The western lesser bamboo lemur (Hapalemur occidentalis), also known as the northern bamboo lemur, western gentle lemur, or Sambirano lesser bamboo lemur, is a species of bamboo lemur endemic to Madagascar.

==Description==
The total length of this primate is 55–67 cm, more than half of which is tail, and average weight is just under 1 kg.

==Distribution==
It lives in several discontinuous areas in northern and western Madagascar including Ankarana and Analamerana in the north, Sambirano and the Ampasindava Peninsula in the north-west, and various areas in the west between the Mahavany and Tsiribihina Rivers. This lemur has been reported from eight national parks (Ankarana, Baie de Baly, Mananara-Nord, Marojejy, Masoala, Sahamalaza-Iles Radama, Tsingy de Namoroka and Zahamena), two strict nature reserves (Tsaratanana and Zahamena), and eight special reserves (Ambatovaky, Analamerana, Anjanaharibe-Sud, Bemarivo, Kasijy, Maningoza, Manongarivo, and Marotandrano).

==Ecology==
Preferred habitat is dry deciduous forest and humid forest which have areas of bamboo and bamboo vines; but they can exist in stands of bamboo surrounded by rice fields and other agricultural land. Lives in groups of six individuals and tends to be active at night. Females have a gestation period of 137 to 140 days and give birth, usually to one infant, from October through to January. Food includes fruit, liana flowers and bamboo. Bamboo species include Dendrocalamus giganteus, Ochlandra capitata and Phyllostachys aurea.
It co-exists with other species of lemurs.

==Status==
This species is listed by the Convention on International Trade in Endangered Species of Wild Fauna and Flora (CITES) on Appendix 1 and the International Union for Conservation of Nature (IUCN) categorise this species as vulnerable.

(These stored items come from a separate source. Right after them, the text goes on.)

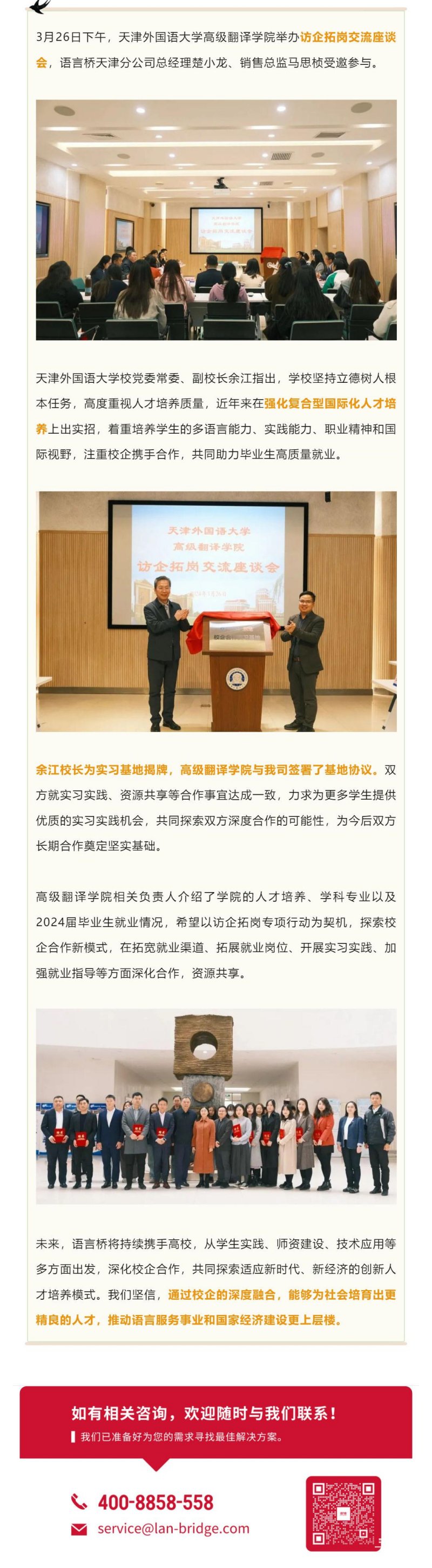 語(yǔ)言橋與天津外國(guó)語(yǔ)大學(xué)高級(jí)翻譯學(xué)院簽約校企合作實(shí)習(xí)基地
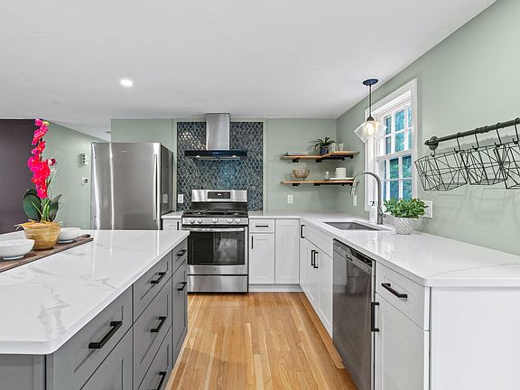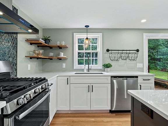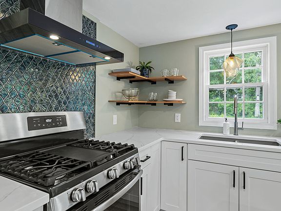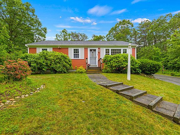 Tucked into the end of a quiet street, surrounded by conservation land, is 66 Tracy Lane. This first floor living ranch style home is welcoming with a newly renovated kitchen boasting open flow space into the living room and dining area. A large center island, quartz countertops, stainless steel appliances and floating shelves creating a modern feel and efficient space for creating meals and enjoying gatherings. Wonderful transition to outdoor living with a wood deck and paved patio right outside the kitchen through a slider door. Hardwood floors throughout give a clean and crisp feel. The main renovated bathroom is equipped with a barn door entrance, custom walk in shower, stackable wash & dryer and linen cabinet. The primary bedroom has a deep closet and renovated half bath. There are an additional 2 bedrooms completing the easy flow living. This home offers a new on demand hot water heater, central a/c, leased solar panels and hook up for an electric car. The location is close to Ockway Bay, South Cape Beach, Mashpee Commons, Conservation Trails and Popponesett Village. Three bedroom passing title v in hand.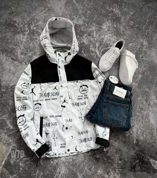 Чоловіча Біла Вітровка у Принтах Написах – з Капюшоном та Липучками на Манжетах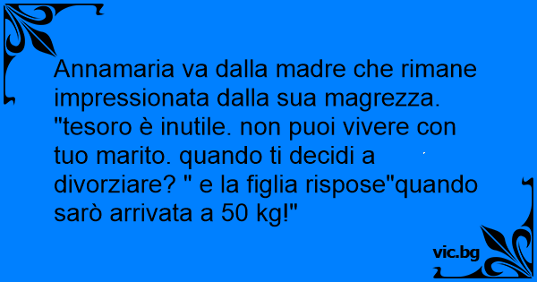 Annamaria va dalla madre che rimane impressionata dalla sua magrezza. "tesoro è inutile. non puoi vivere соn tuo marito. quando ti decidi a divorziare? " e la figlia rispose"quando sarò arrivata a 50 kg!"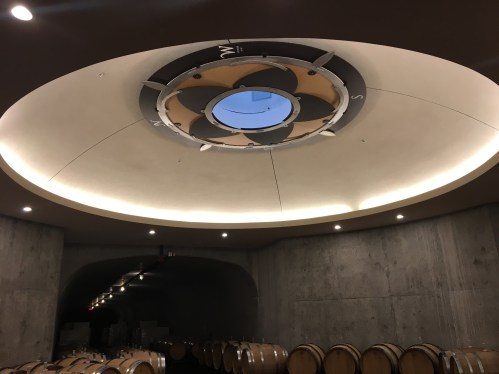 The halls of barrels stretched out like arms from a circular center area with a floor tile that looked as if it came straight off of a Treasure Map. One area was gated for storing their private wine collections.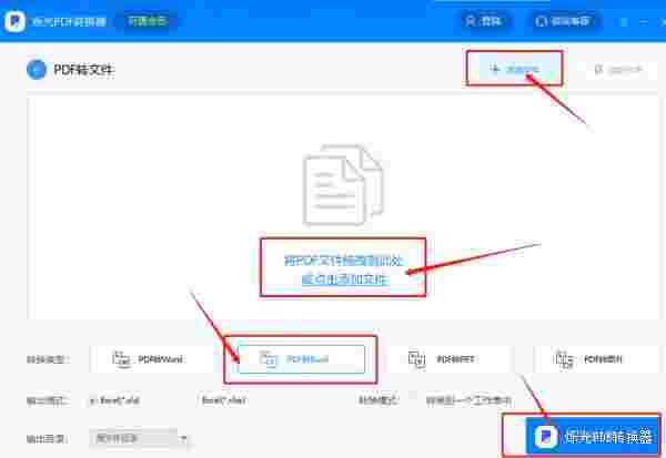 进入烁光PDF转换器的PDF转文件功能后就可以点击右上方的添加文件或者拖拽文件添加,然后选择烁光PDF转换器的PDF转Excel功能,完成后点击右下方开始转换就可以了,开始转换之前可以选择烁光PDF转换器左下角输出目录选择输出路径,方便查找。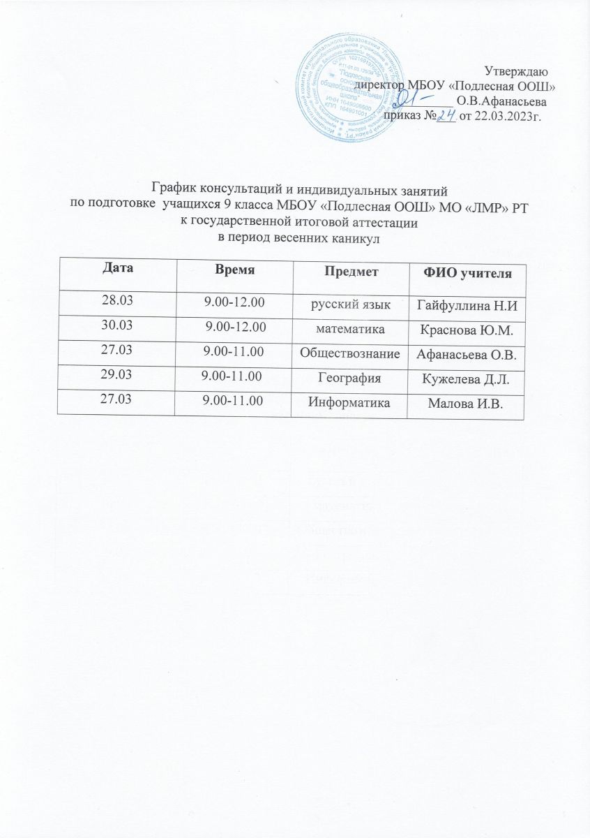 График консультаций по подготовке к ГИА в период весенних каникул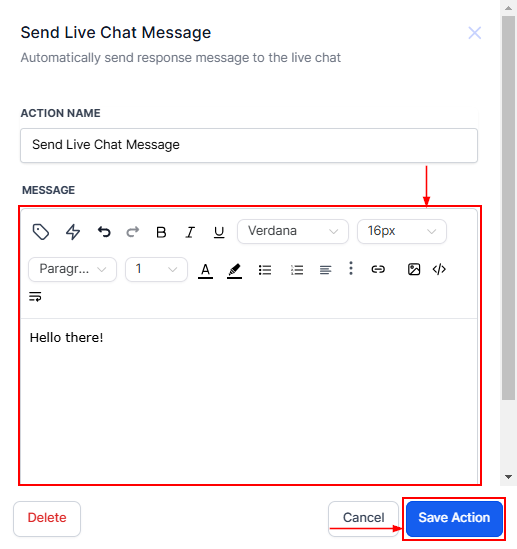 Write your message as you wish with Text, Trigger links, and Custom values that can be sent in the live chat and save your settings.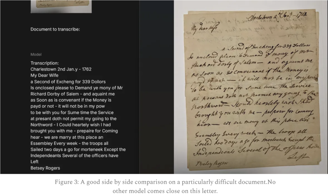 因此,Humphries选择了让大模型来识别历史手写体,他认为这是检验大模型整体能力的一个黄金测试。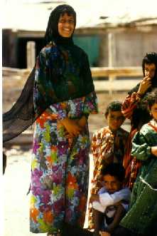 We bezoeken de waterfabriek, die wordt gerund door Indiërs. Jammer van het ongunstige tij. In de verte ligt het eiland Mahawt. Dat is helemaal begroeid met mangroves. Het ziet er heel intrigerend uit. s Middags rijden we naar Hayi, een vrij grote plaats. Met oude huizen, gestempelde nieuwbouw en een winkelstraatje. Er lopen veel (vieze) kinderen op straat, die er heel vrolijk uitzien. Ruud gaat water kopen, ik blijf in de auto. Aan de overkant van de straat staan vier meisjes naar me te staren. Een van de meisjes kijkt me als gebiologeerd aan en zonder me een moment uit het oog te verliezen steekt ze de weg over en loopt ze naar mijn kant van de auto. De andere meisjes, een knappe zelfbewuste en twee heel verlegen kleintjes, komen achter haar aan. Ik geef hun alle vier een hand en maak er een foto van. Het is jammer, maar altijd weer komen er van die brutale knullen voor staan die je bijna opzij moet duwen. Dat laat ik maar aan Ruud over, naar hem luisteren ze wel. Hij steekt met zijn 1 meter 80 boven iedereen uit, en dan nog met blauwe ogen, blond haar en een snor. De kleine kinderen vinden het volgens mij maar eng. Ze deinzen nogal eens achteruit als hij uitstapt.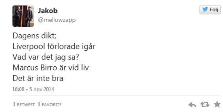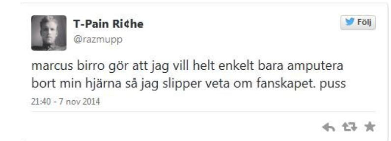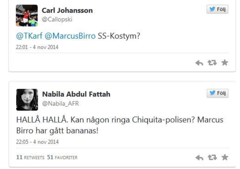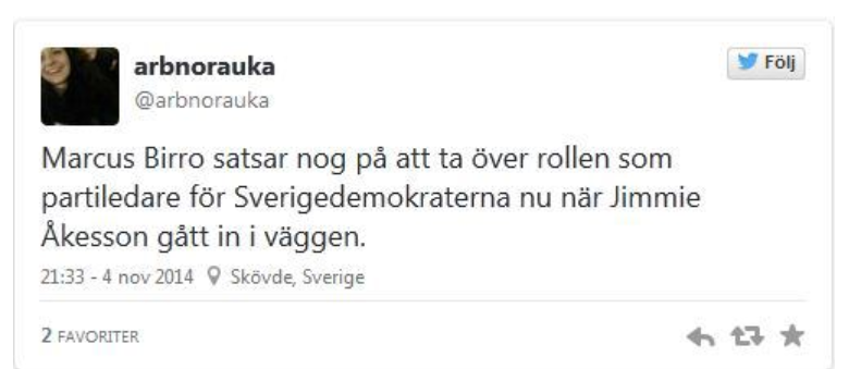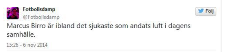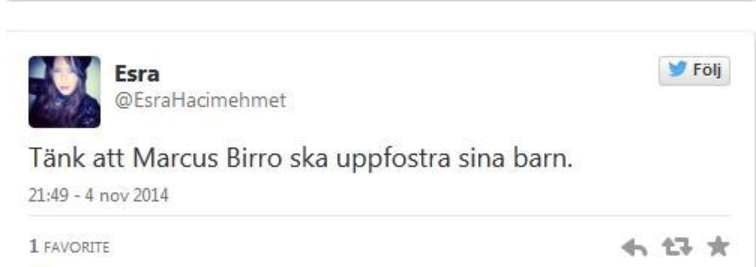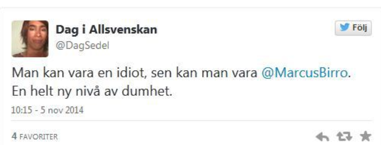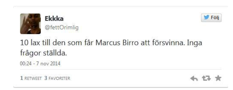 Dette førte selvsagt ikke til at det roet seg i sosial medier. Birro la ut følgende på Twitter 8.november, altså dagen etter lederartikkelen i Aftonbladet:

As long as there is some bamboo, the western lesser bamboo lemur is able survive in a degraded habitat. Burning the forest for livestock pasture is the major concern for this species as well as charcoal production and mining in Ankarana. In Makira hunting with firearms, machetes and slingshots occurs. There are eighteen individuals in European zoos.